> _Task objective_
Without any pictures, copy the records below once more, exactly as they are.

------------------------------------

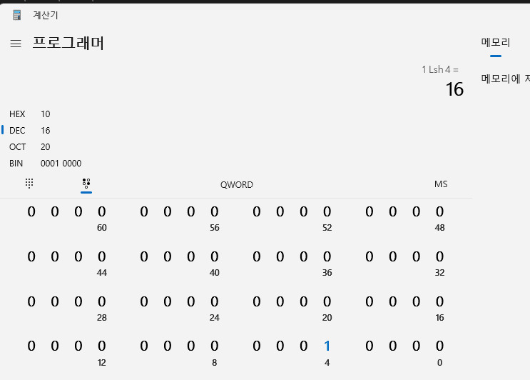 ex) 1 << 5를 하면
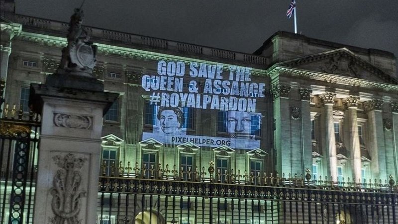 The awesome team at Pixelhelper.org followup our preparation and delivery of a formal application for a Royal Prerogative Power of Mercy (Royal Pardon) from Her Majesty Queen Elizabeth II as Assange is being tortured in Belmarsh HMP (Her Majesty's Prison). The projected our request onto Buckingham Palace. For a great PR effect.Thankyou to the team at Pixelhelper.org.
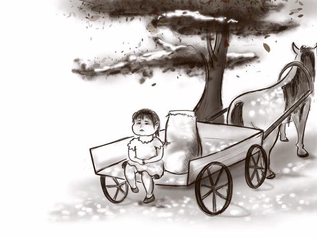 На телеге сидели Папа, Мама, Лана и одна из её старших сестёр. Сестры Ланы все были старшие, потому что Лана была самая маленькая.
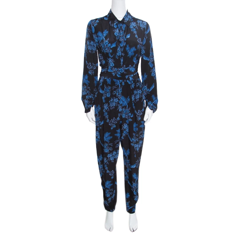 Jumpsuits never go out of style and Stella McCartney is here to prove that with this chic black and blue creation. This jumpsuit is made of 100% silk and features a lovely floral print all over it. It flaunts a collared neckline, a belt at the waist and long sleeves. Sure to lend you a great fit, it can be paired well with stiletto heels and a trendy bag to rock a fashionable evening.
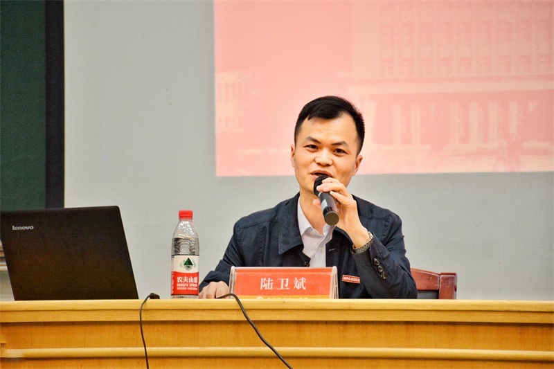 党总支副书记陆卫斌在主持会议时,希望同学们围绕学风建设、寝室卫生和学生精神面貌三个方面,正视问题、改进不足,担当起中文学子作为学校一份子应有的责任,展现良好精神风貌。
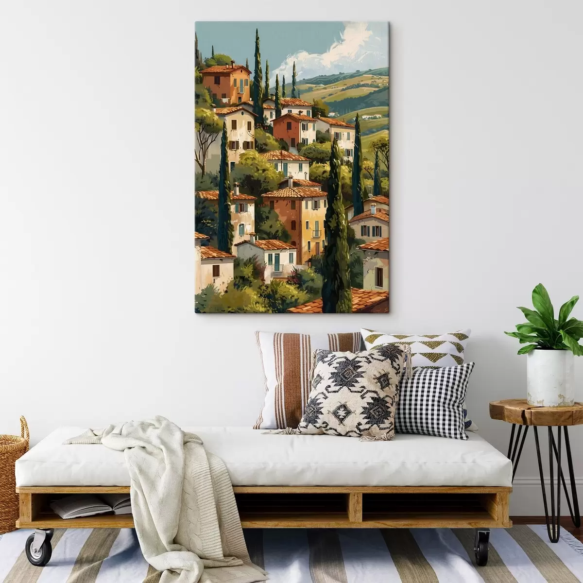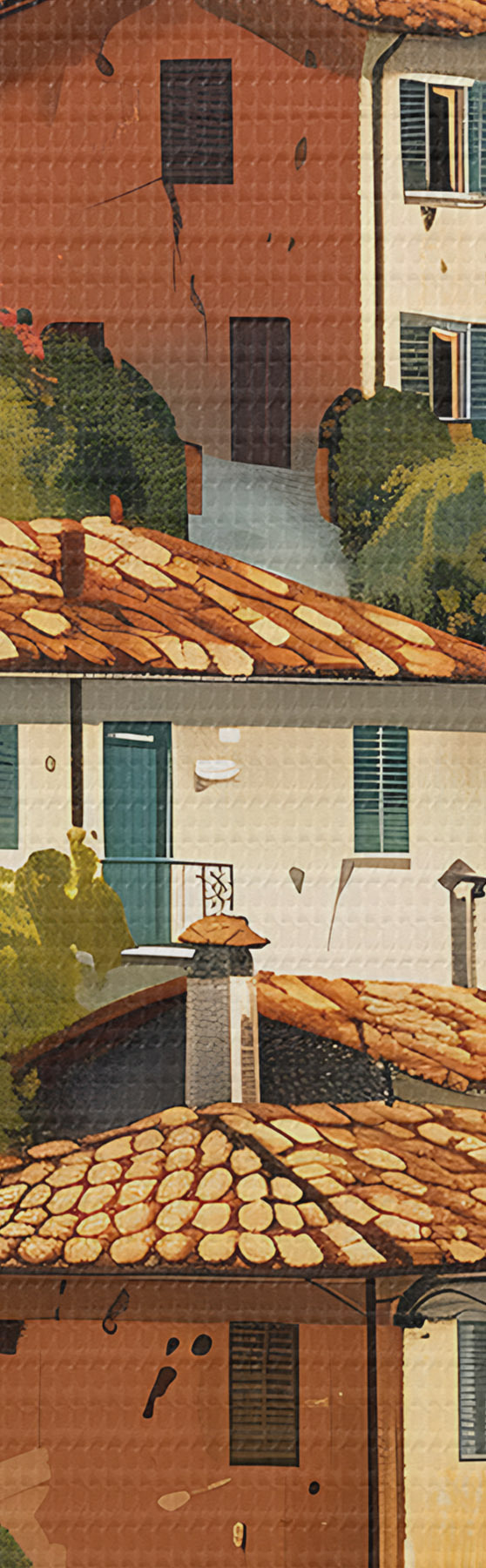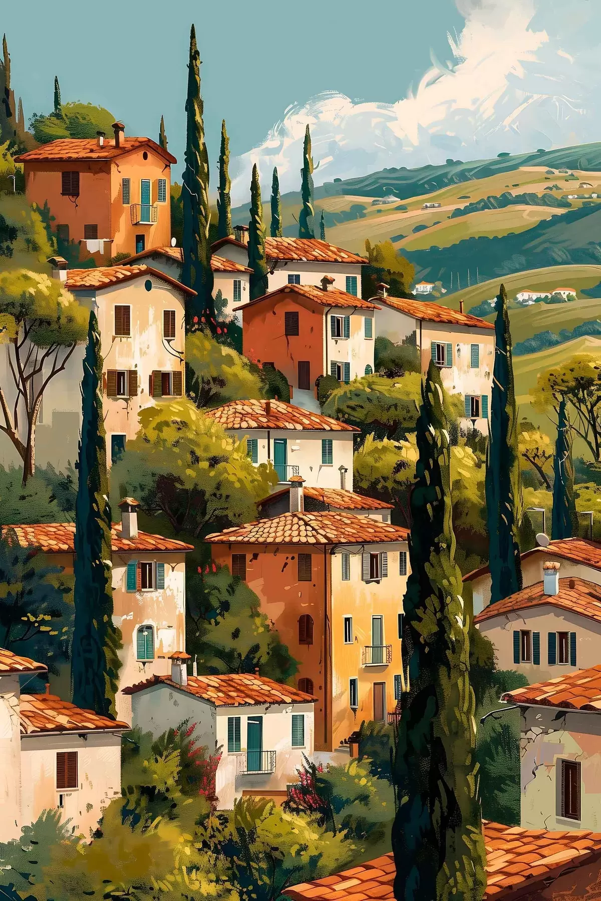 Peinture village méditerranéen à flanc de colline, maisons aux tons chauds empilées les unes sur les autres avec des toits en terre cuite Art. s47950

------------------------------------

> _Result of this task_
 ex) 1 << 5를 하면
 The awesome team at Pixelhelper.org followup our preparation and delivery of a formal application for a Royal Prerogative Power of Mercy (Royal Pardon) from Her Majesty Queen Elizabeth II as Assange is being tortured in Belmarsh HMP (Her Majesty's Prison). The projected our request onto Buckingham Palace. For a great PR effect.Thankyou to the team at Pixelhelper.org.
 На телеге сидели Папа, Мама, Лана и одна из её старших сестёр. Сестры Ланы все были старшие, потому что Лана была самая маленькая.
 Jumpsuits never go out of style and Stella McCartney is here to prove that with this chic black and blue creation. This jumpsuit is made of 100% silk and features a lovely floral print all over it. It flaunts a collared neckline, a belt at the waist and long sleeves. Sure to lend you a great fit, it can be paired well with stiletto heels and a trendy bag to rock a fashionable evening.
 党总支副书记陆卫斌在主持会议时,希望同学们围绕学风建设、寝室卫生和学生精神面貌三个方面,正视问题、改进不足,担当起中文学子作为学校一份子应有的责任,展现良好精神风貌。
 Peinture village méditerranéen à flanc de colline, maisons aux tons chauds empilées les unes sur les autres avec des toits en terre cuite Art. s47950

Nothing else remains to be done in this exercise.